獣旅団

(スーファミ(ニンテンドウパワー専用)、シミュレーション)

ストーリーは、特段特筆すべき点は無いです。

英雄(主人公)がいて、なんか悪いのを倒しにいくという、ごく普通のファンタジーです。

ゲームは、いたって普通のウォーシミュレーションゲームです。マス目状のマップがあって、そこでコマとなる兵隊(モンスター)を償還して、敵軍と戦い、敵の本陣を占領すると面クリア→次の面(マップ)へ進む・・・という、よくあるやつです。

ファミコンの「キングオブキングス」に似ていると言えば、ご存知の方はイメージがわくと思います。

画面もいたってシンプルです。ルールもいたってシンプルです。

・・・と書くと、何のとりえも無いゲームのように聞こえると思います。が、そんなことはありません。

はっきり言ってこのゲーム、歴代シミュレーションゲームの中でも、屈指の名作だと思います。

それは何故か?どこが良いのでしょうか?

それはこのゲームが、シンプルだからこそ、です。

例えば、ファミコンの頃からゲームをされている方は、

「俺は、プレステ2とか現行機種の、派手で入り組んだシステムのシミュレーションなんかやりたくないんだ!

俺がやりたいのは、ファミコンウォーズのような、説明書なんか読まなくても簡単に分かる、でもバランスの良い、詰め将棋のようなシミュレーションなんだ!」

って思うことありませんか?

私はあります。

だけど、いざそう思って昔のゲームを引っ張り出してプレーしてみても、現実には、現行機種の派手なゲームに慣れてしまった我々は、昔のゲームの画面のショボさ、操作性の悪さ、単調な展開、やりこみ余地の少なさ等に辟易としてしまうことが多いです。

(分かりやすい例として出してしまいましたが、実際には、ファミコンウォーズは今やっても面白いですけどね)

「古き良き時代のシンプルなベースは生かしたまま、画面や操作性はそこそこ改善してあって、かつ飽きさせないように色々な味付けがしてあり、ゲームバランス等の完成度も高い、そんなゲームは無いだろうか・・・。

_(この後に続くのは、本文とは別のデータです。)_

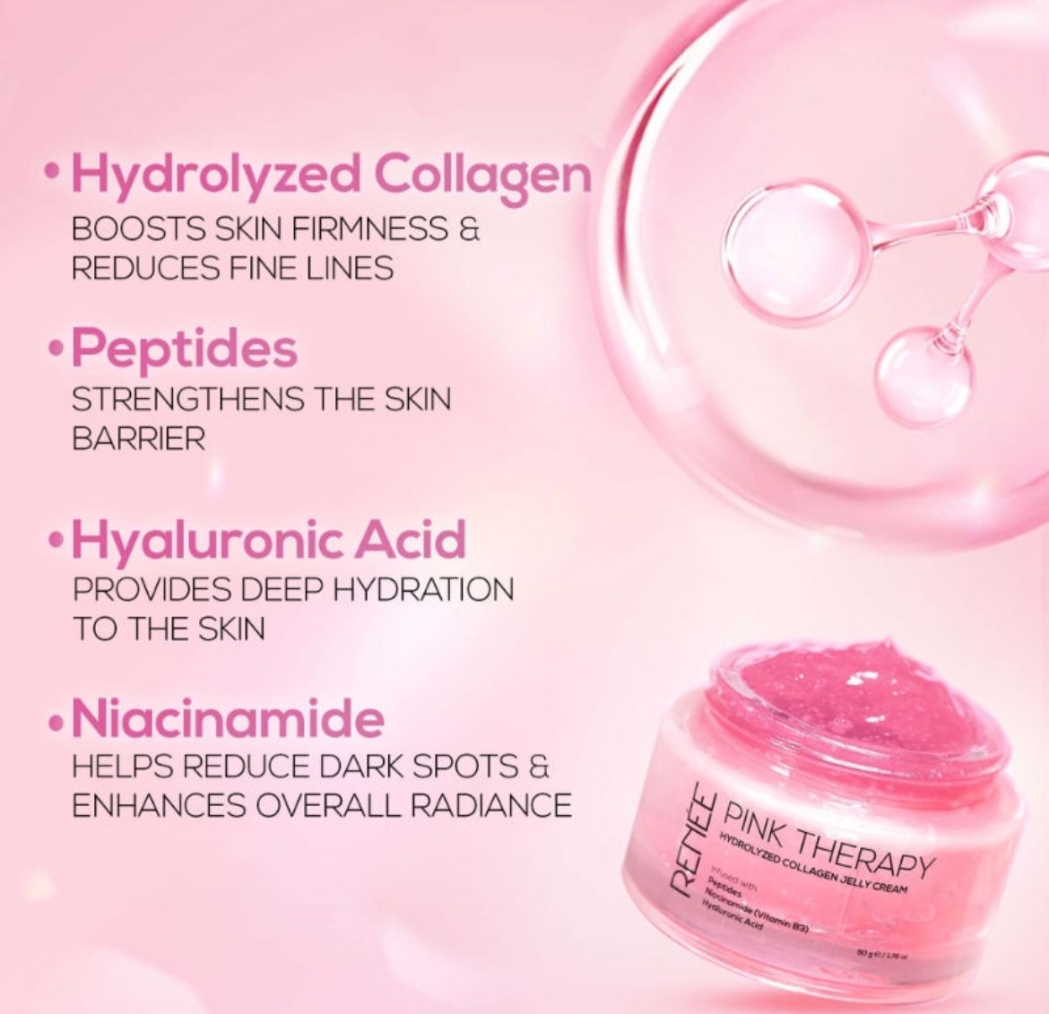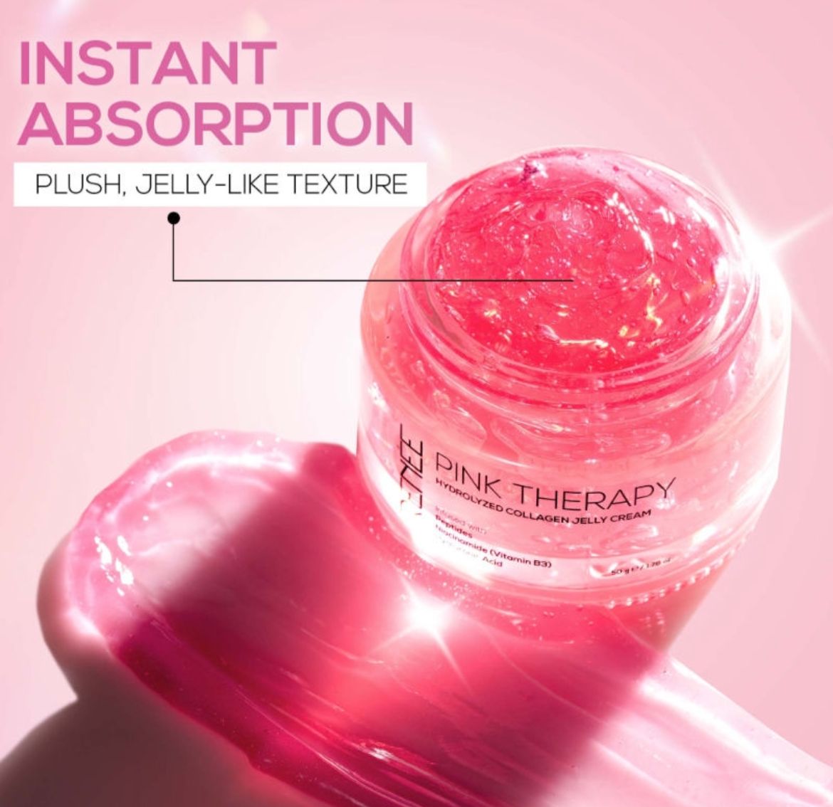 Pink Therapy Freeze Hydrolyzed Collagen Jelly Cream is a lightweight, fast-absorbing moisturizer with a unique jelly-like texture that melts into the skin. Infused with Hydrolyzed Collagen and Niacinamide (Vitamin B3), it helps improve skin elasticity, enhance hydration, and support a smooth, plump appearance. The cooling, non-sticky formula delivers instant freshness while leaving skin soft, radiant, and visibly healthier—perfect for daily use and ideal under makeup.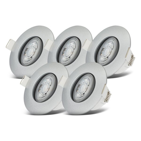 Einbaustrahler 68mm 5er Set - 230V, 4,9W, 480lm, LED, dimmbar, IP65, warmweiß, silberfarbig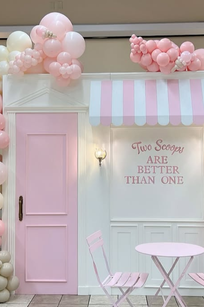 “Two Scoops Are Better Than One” works beautifully when you style the backdrop like a pastel café.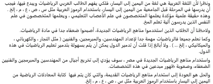 وتؤكد الرسالة أن هناك حقيقة علمية يدعمها متخصصون في علم الأعصاب التعليمي وعلم النفس، مفادها أن الطالب العربي يفهم الرياضيات ويبدع فيها بشكل أفضل عندما يدرسها بالاتجاه المتوافق مع لغته، أي من اليمين إلى اليسار وباستخدام الرموز العربية التقليدية مثل «س، ص».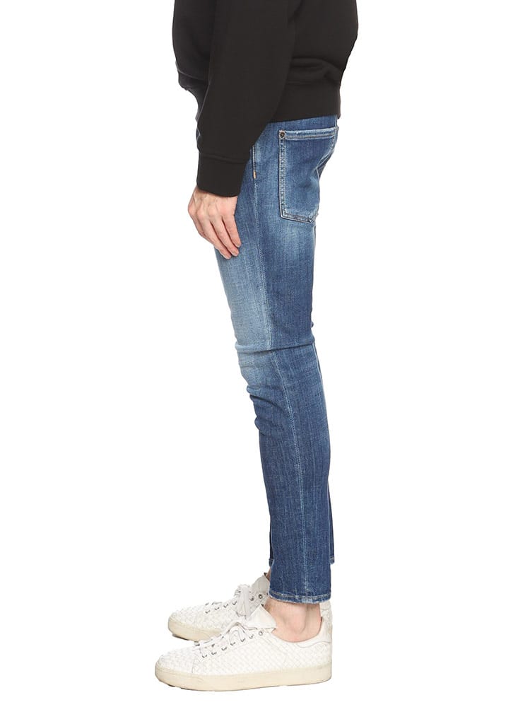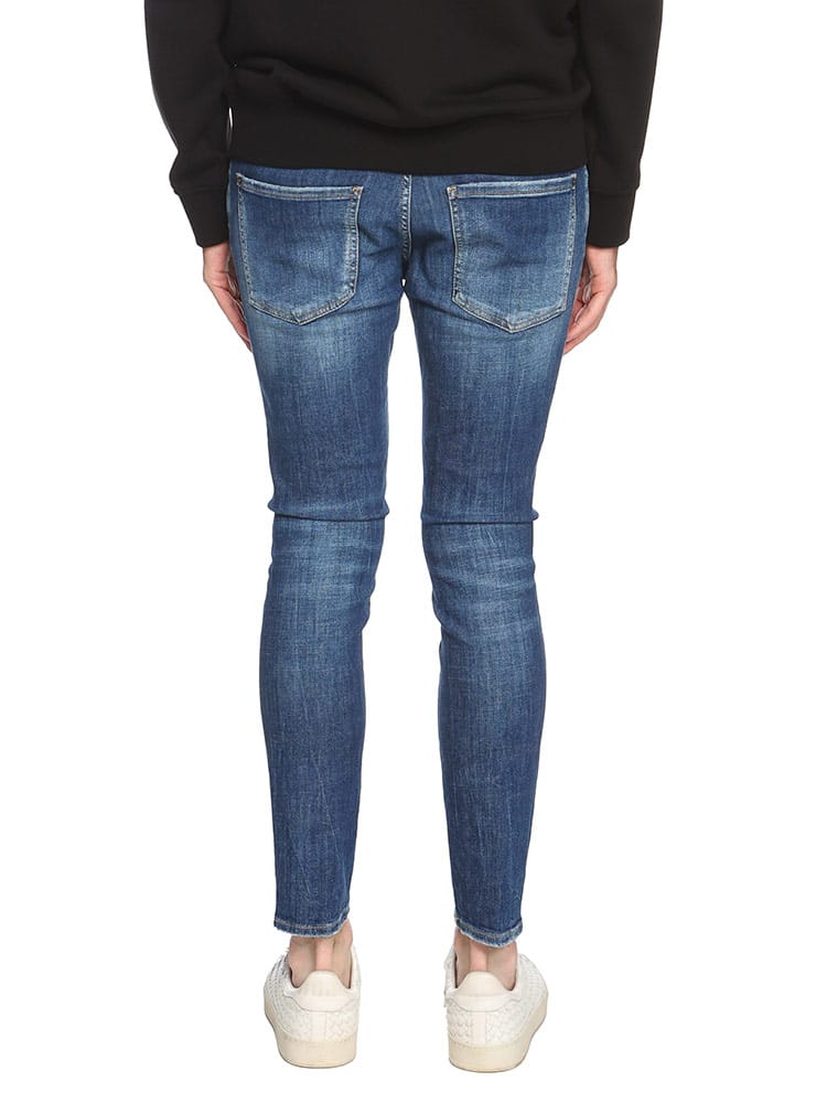 ダメージ加工の箇所までこだわった、スキニーフィットの「Super Twinky」ジーンズ。オリジナルのプリントをあしらったタイトフィットのTシャツ、タッセルジャケット、レザーのアンクルブーツなど、ロックなテイストの効いたコーディネートに

」

って思ったことありませんか?

私はずっと思ってました。

そして・・・、そんなゲームが、現実にいたのです。 それがこの、幻獣旅団なんです。

このゲーム、前述の通り、システムは至ってシンプルかつ単純です。

が、ゲームバランスが非常に良いんです。

難しすぎず、楽すぎず。

各面とも、かなり必死にならないとクリアできませんが、でも理不尽に難しすぎず、「なんとかクリアしたぞ・・・」という心地よい達成感をプレイヤーに味わわせてくれる、絶妙のバランスです。

更に、各ユニットの特殊能力や、各面の地形等もいろんなバリエーションがあって、プレイヤーを飽きさせません。

そのバリエーションも、最近のゲームにありがちな、単に奇をてらった、うっとおしいものではなく、詰め将棋のようなバランスの良い正統派シミュレーションとしてのベースは生かしたたままで、実に上手く作られております。

時間に余裕さえあれば、100時間以上は遊べます。

またうまい具合に、このゲーム、クリアまでに恐ろしく時間がかかります。全部クリアするには、少なく見ても70時間以上はかかります。(人にもよりますが・・・)

ちなみに余談ですが、

「ローソンのニンテンドウパワー書換サービスが2002年8末で終了する」

というニュースが流れたとき、全国のマイナーゲームコレクター達は、おそらくその時点で書換サービスのラインナップから消滅してしまうであろうソフトの確保に、血眼になって奔走しました。

そのソフトの一つに、この「幻獣旅団」がありました。何故なら発売元のアクセラが、既に御臨終していたからです。

で、8末が過ぎました・・・が、結局、何故かは知らねど「幻獣旅団」は書換終了せず、今でもニンテンドウパワーの書換ラインナップに健在です。

お時間ある方は、是非、書き換えて遊んでみて下さい。

参考情報

メーカー:アクセラ

難易度:けっこう難しいです。クリアするためにはけっこう必死になります。

プレイ時間:私はまだクリアしていないのでなんとも言えませんが、おそらくオニのような時間が見込まれます。でも、1面完結型で、ルールもシンプルなので、気が向いたときに少しずつやってもよいかと。

攻略本:ありますが極レア。

入手環境:2000円で任天堂で書き換えてくれます。ただし書換用のメモリーカートリッジが飢饉状態です

知名度:普通の人は、たぶんご存じ無いかと。一部で盛り上がりましたが。